A lesson I learned in the hospital....when you masturbate while attached to a heart monitor, it scares the nurses a lot.
I don't care. He smelled like a fucking chilli cookoff
So should I finish watching Space Jam and then get head? Or get head while secretly watching Space Jam?
You came home with a traffic cone and said, "this is my birthday condom."
Restaurants Roasting People Who Gave Them Negative Yelp Reviews (25 Pics)
I call it a party but only because that sounds better than 8 people getting drunk around a pool.
Pulled over to puke on the way to sign closing papers on the house...Good sign of responsibility.
I was laying out of the open window, talking with him on the phone, while we were both puking at the same time.. Guys at the party called it "true love"..
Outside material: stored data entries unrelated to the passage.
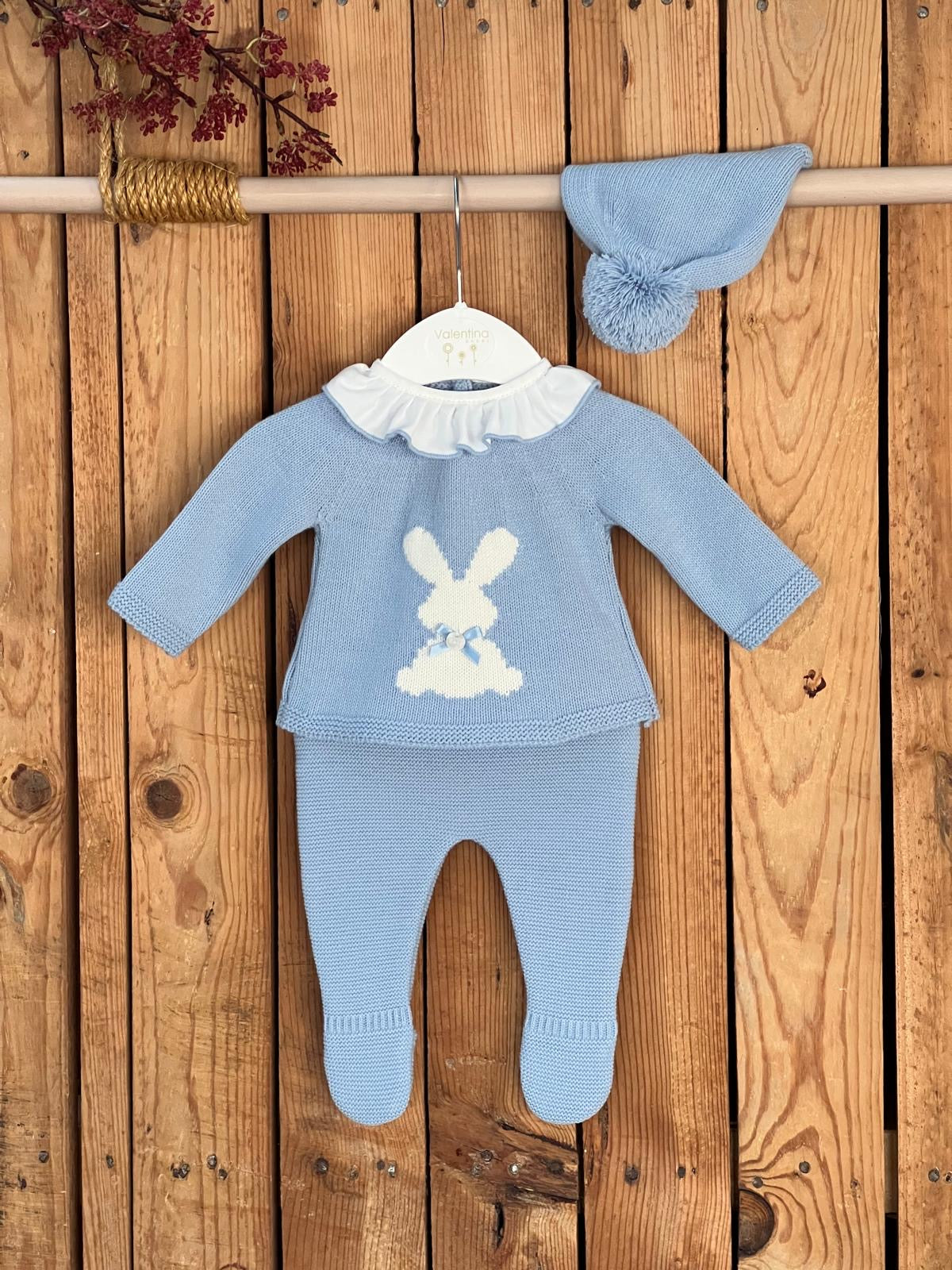 Blue Knitted 3 piece Bunny set(Romper,Bodysuit,Socks)
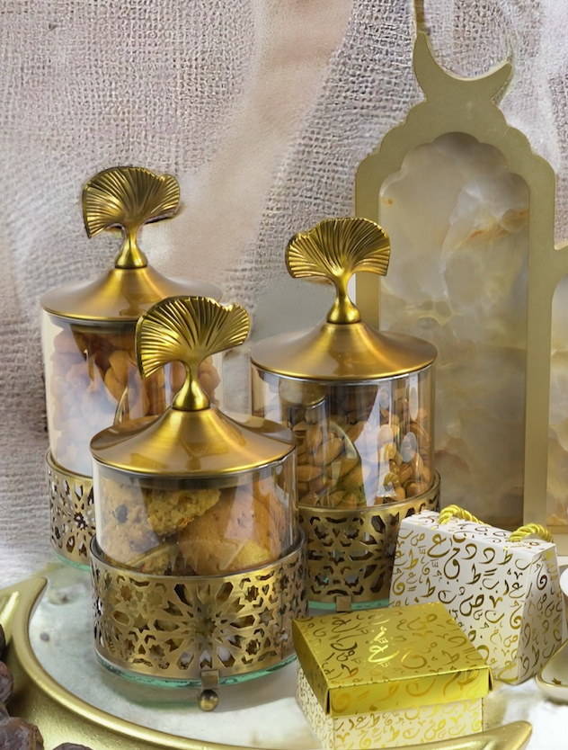 • Celebrate in style with our Ornate Lid Glass Jars Iftar Displays set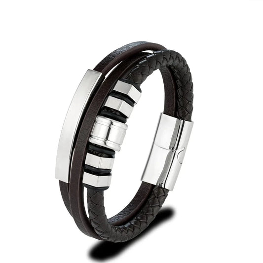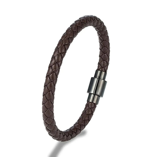 Bracelet Cuir Homme Tressé Élégance Moderne avec Fermoir Magnétique.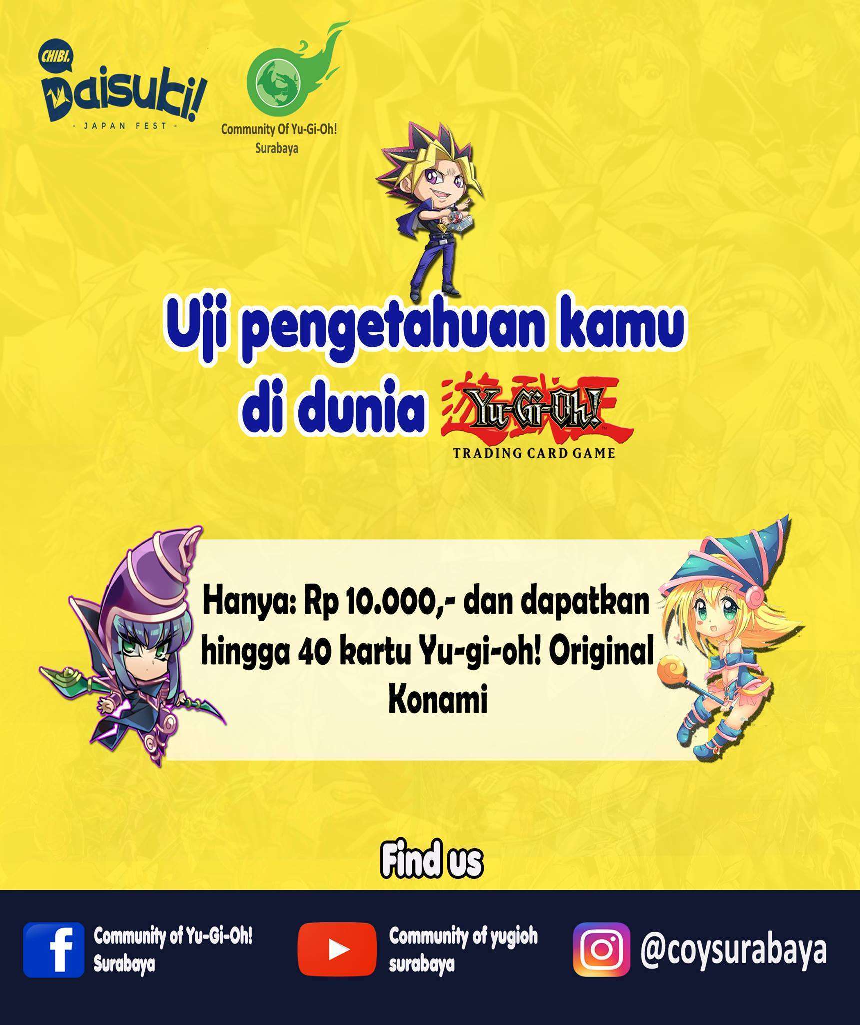 Selain bintang tamu, acara Chibi Daisuki juga semakin ramai dengan berbagai stand komunitas jejepangan dari Surabaya dan wilayah sekitar Jawa Timur. Mulai dari Pokemon, Tekken, Yu-Gi-Oh, hingga Girls Frontline! Mereka juga akan hadir dengan berbagai kegiatan seru dan tak kalah menarik! Ini dia beberapa komunitas yang akan muncul di Chibi Daisuki.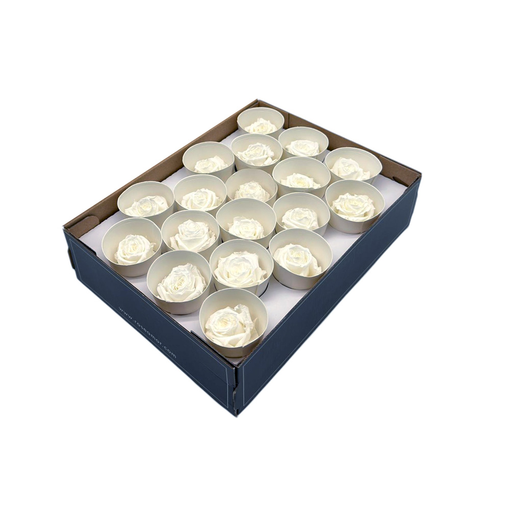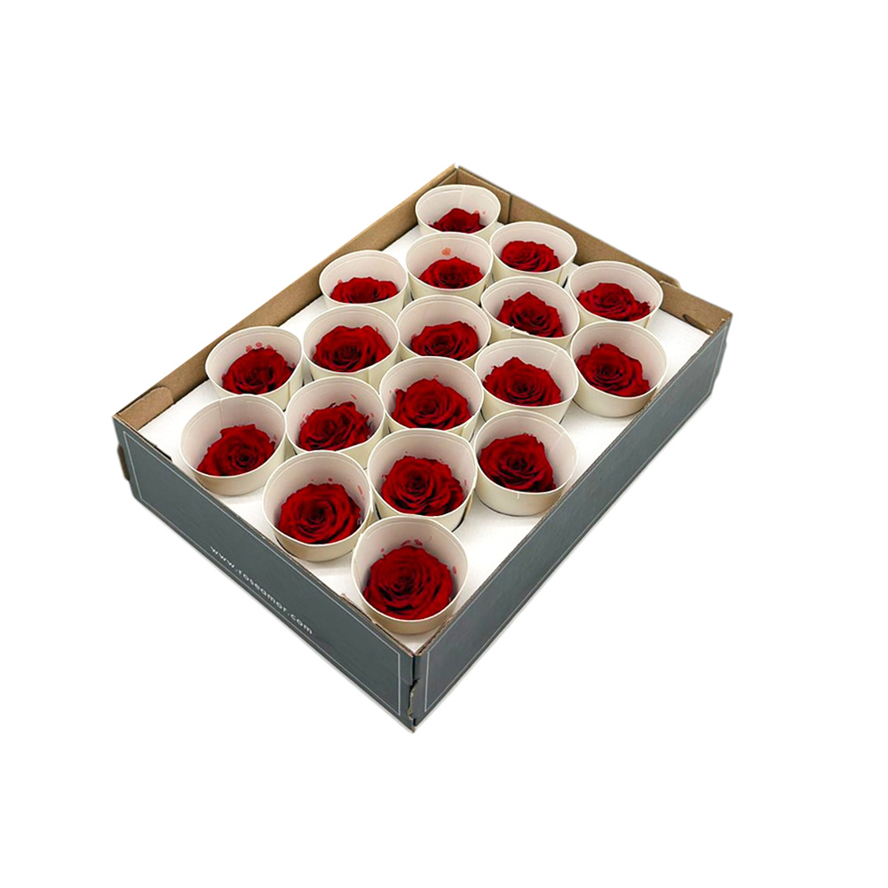 Cutie cu 18 trandafiri criogenati XS Mixed, ideala pentru florarii si aranjamente florale compacte. Trandafiri criogenati naturali, en gros.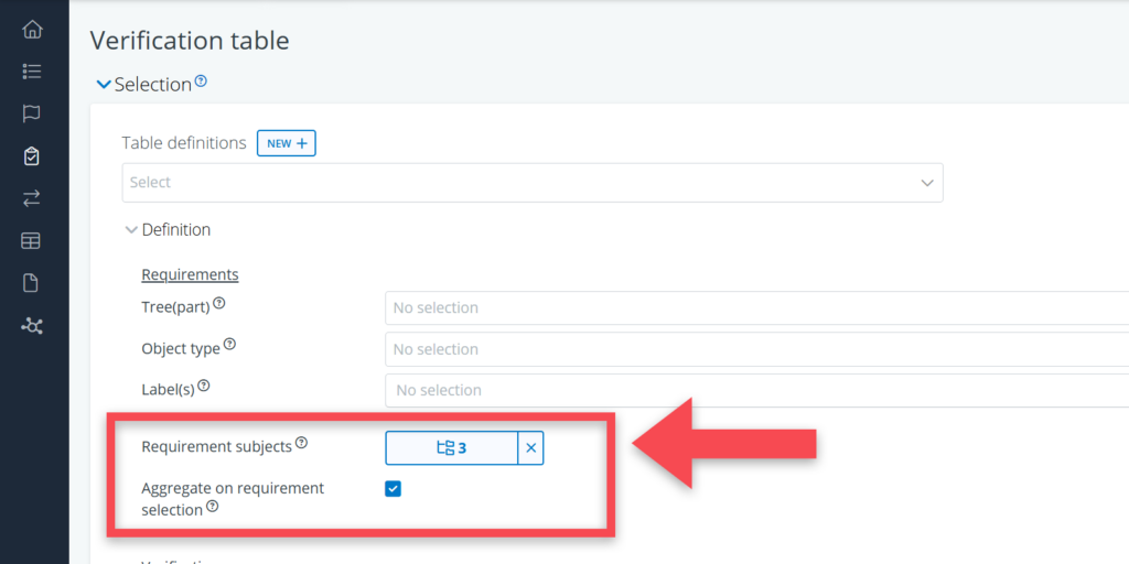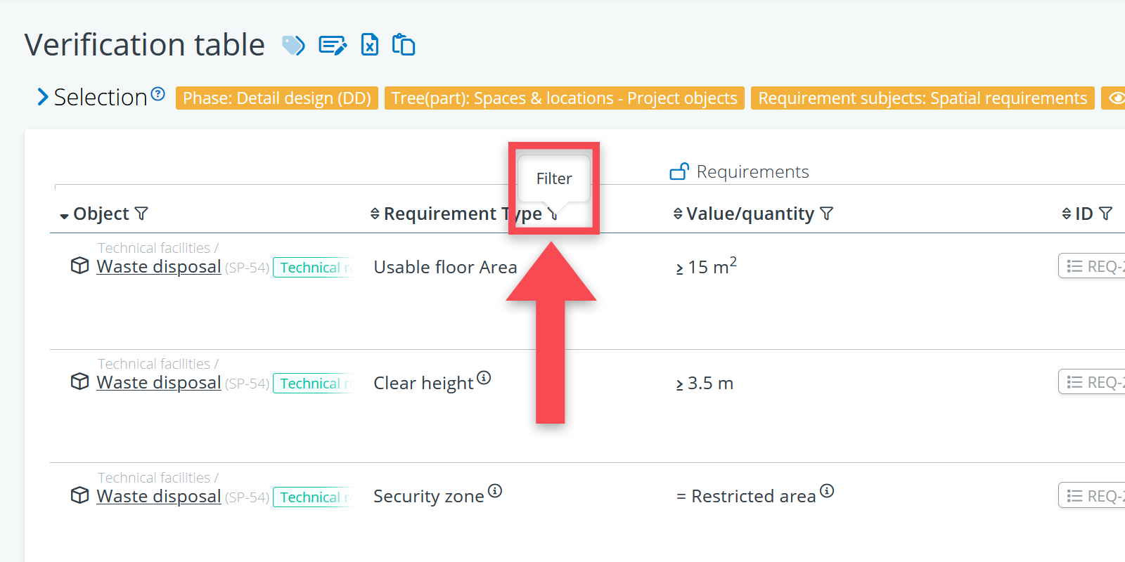 The verification table is a great tool if you want select a particular group of requirements that should all have the same plan or the same result. For example, all the requirements concerning room sizes, or all requirements concerning acoustics.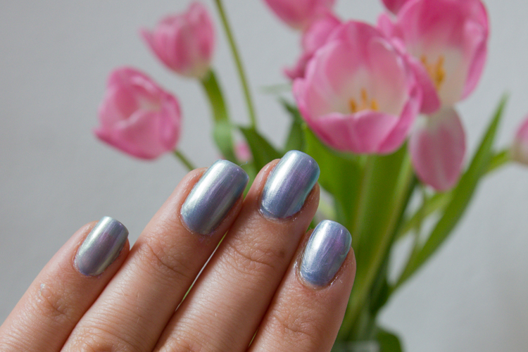 Für eine gute Deckung muss der Lack zweimal aufgetragen werden. Fand ich für einen Metallic Lack eine neue Erfahrung, da hier meist ein Anstrich ausreicht. Die Trockenzeit war ziemlich kurz, dadurch war die zweite Schicht auch schnell auf den Nägeln.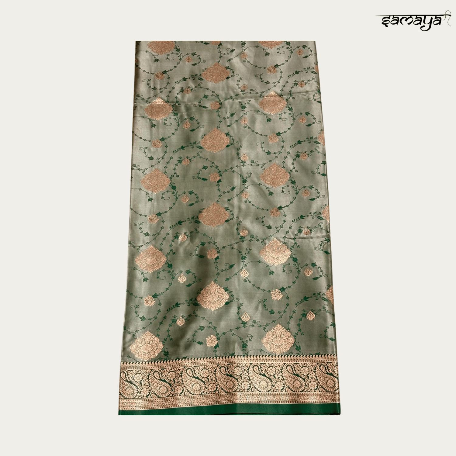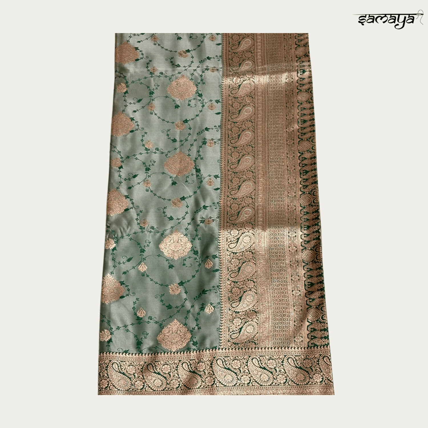 Pista Green Banarasi Soft Silk Saree with Gold Zari Floral Jaal

Desperation looks like a $1 bottle of vodka and warm Cuban tap water.
ok I know you arent happy with the way we ended but paying someone to pass me an STD is TOTALLY FUCKED!!!
Woman Posts Harassing DMs From Creep Online, Now He’s Upset Because People Told His Mom
"Like what guy would respond to 'let's fuck. I've got bagels'??"
I'm drunk enough to know I'm texting you and sober enough to know what I'm saying to you
I HAVE DISCOVERED LONDON AND IT FILLS ME WITH JOY
you gave me money for the cab and then walked home..
One of your 'guests' left her bra in the kitchen.
Dude, does it look like any of the women I bring home wear bras?
Remember, today is also the anniversary of Harambe's death. D**** out.